━━━━━ Dataset content
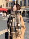 1pc 优雅新款冬季围巾女韩版加厚格子图案围巾一对简约围巾冬季学生围巾保暖柔软冬季户外保暖配饰女
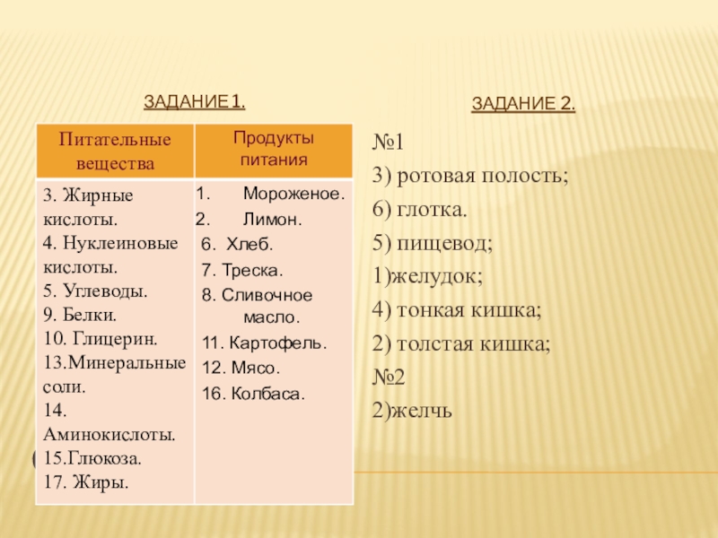 1)кишечный сок; 2)желчь; 3)печень; 4)слюна.
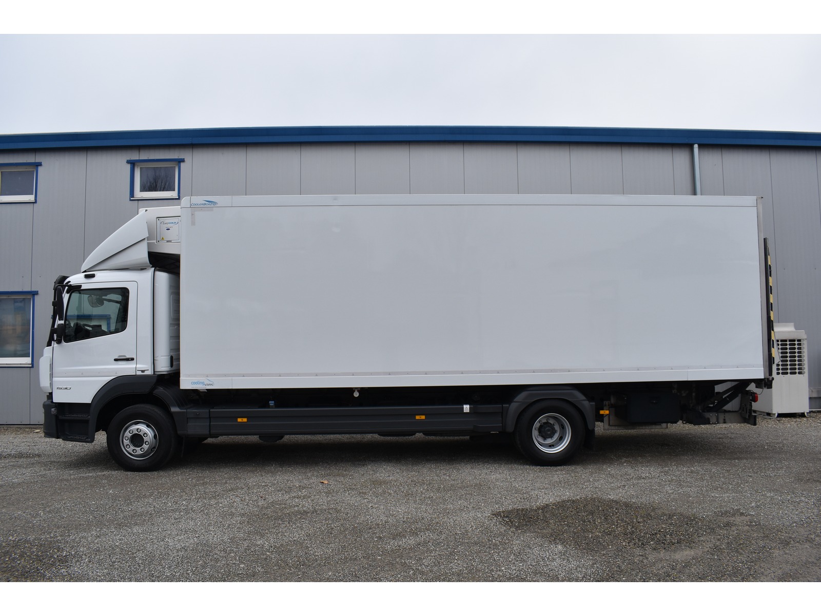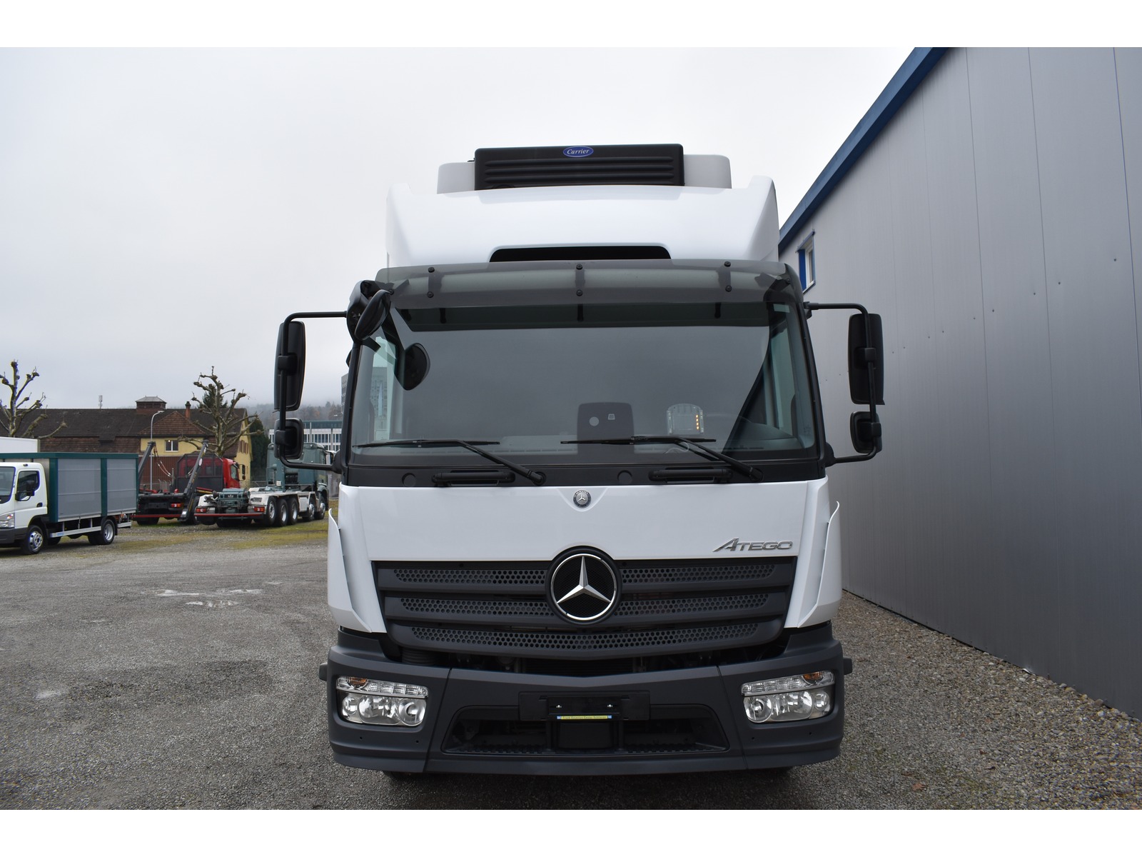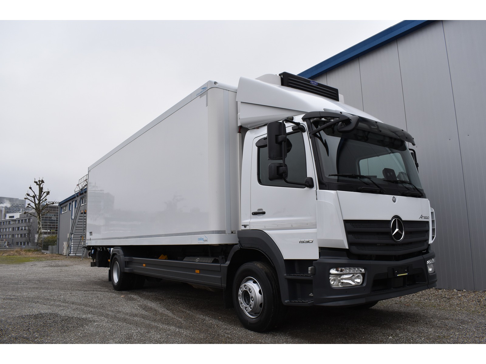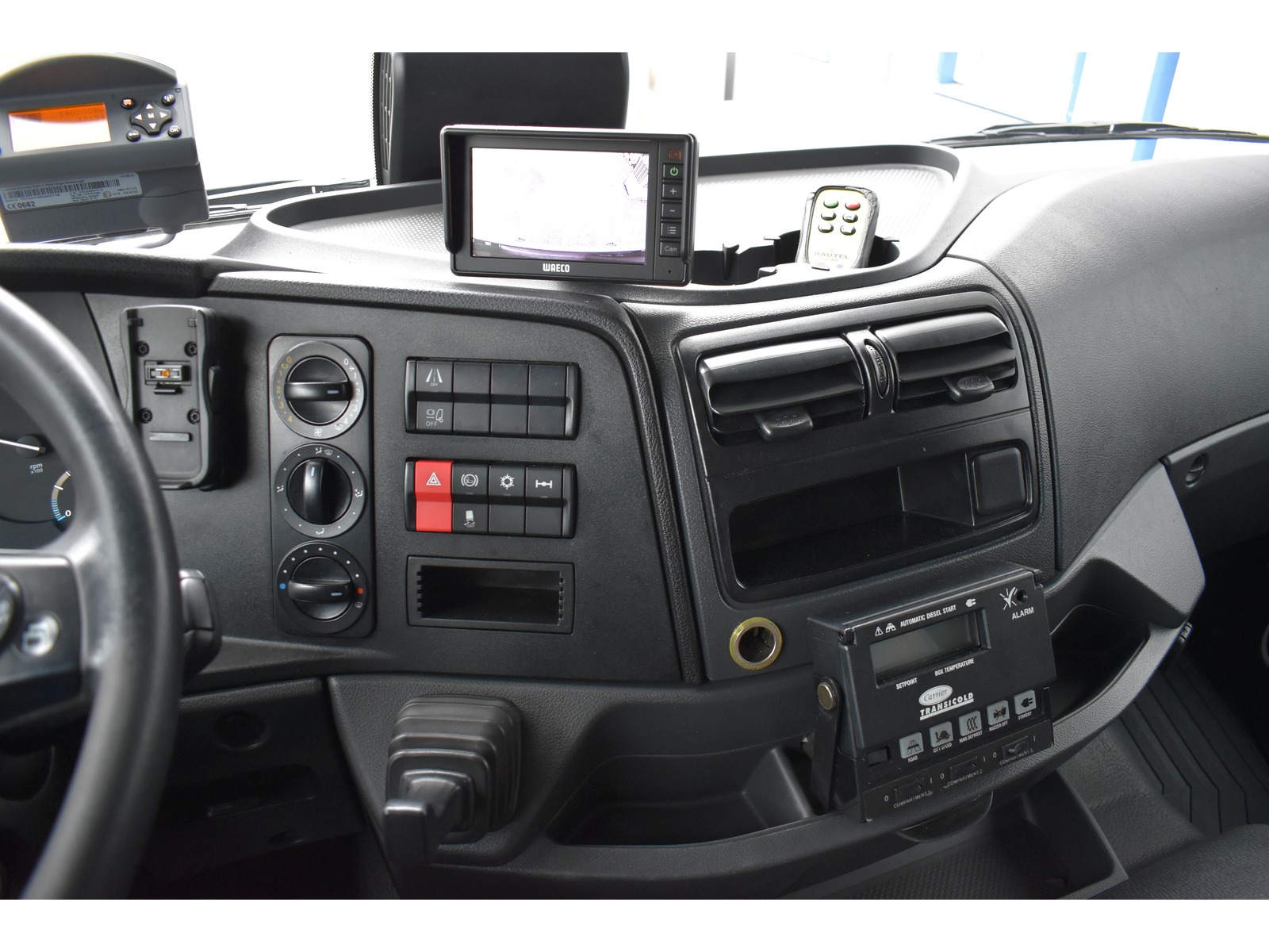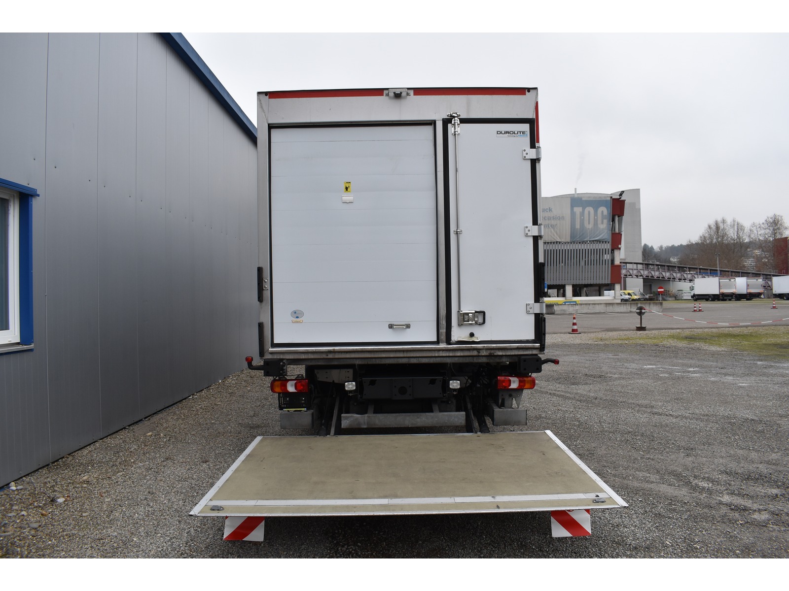 Kühlgerät, Hebebühne, Spoiler, Klima, Tempomat, 8-Gang Powershift Getriebe ClassicSpace-Kabine Radstand 5'360 mm längs verschiebbare Trennwand in der kleinen Zone 2-Zonen-Tiefkühlkasten mit 2 Verdampfern und verschiebbarer Trennwand Anfahrassistent Digital-Tacho je 1 Zurrschiene seitlich Klimaanlage Kühlaggregat Carrier Supra 950 MT mit Diesel- und/oder Netzbetrieb Kunststoffboden Ladebordwand Dautel mit 1'500 kg Tragkraft Ladebordwand-Blatt 1'800 mm mit Anti-Rutsch Belag und Funkfernbedienung Luftfederung Hinterachse Multifunktionslenkrad Rolltor links zusätzlich 1 Flügeltüre rechts Rückfahrkamera Sitzheizung
━━━━━━━━━━
**The problem:** Print the full listing again exactly, and drop every image from it.

**Solution for this exercise:**
 1pc 优雅新款冬季围巾女韩版加厚格子图案围巾一对简约围巾冬季学生围巾保暖柔软冬季户外保暖配饰女
 1)кишечный сок; 2)желчь; 3)печень; 4)слюна.
 Kühlgerät, Hebebühne, Spoiler, Klima, Tempomat, 8-Gang Powershift Getriebe ClassicSpace-Kabine Radstand 5'360 mm längs verschiebbare Trennwand in der kleinen Zone 2-Zonen-Tiefkühlkasten mit 2 Verdampfern und verschiebbarer Trennwand Anfahrassistent Digital-Tacho je 1 Zurrschiene seitlich Klimaanlage Kühlaggregat Carrier Supra 950 MT mit Diesel- und/oder Netzbetrieb Kunststoffboden Ladebordwand Dautel mit 1'500 kg Tragkraft Ladebordwand-Blatt 1'800 mm mit Anti-Rutsch Belag und Funkfernbedienung Luftfederung Hinterachse Multifunktionslenkrad Rolltor links zusätzlich 1 Flügeltüre rechts Rückfahrkamera Sitzheizung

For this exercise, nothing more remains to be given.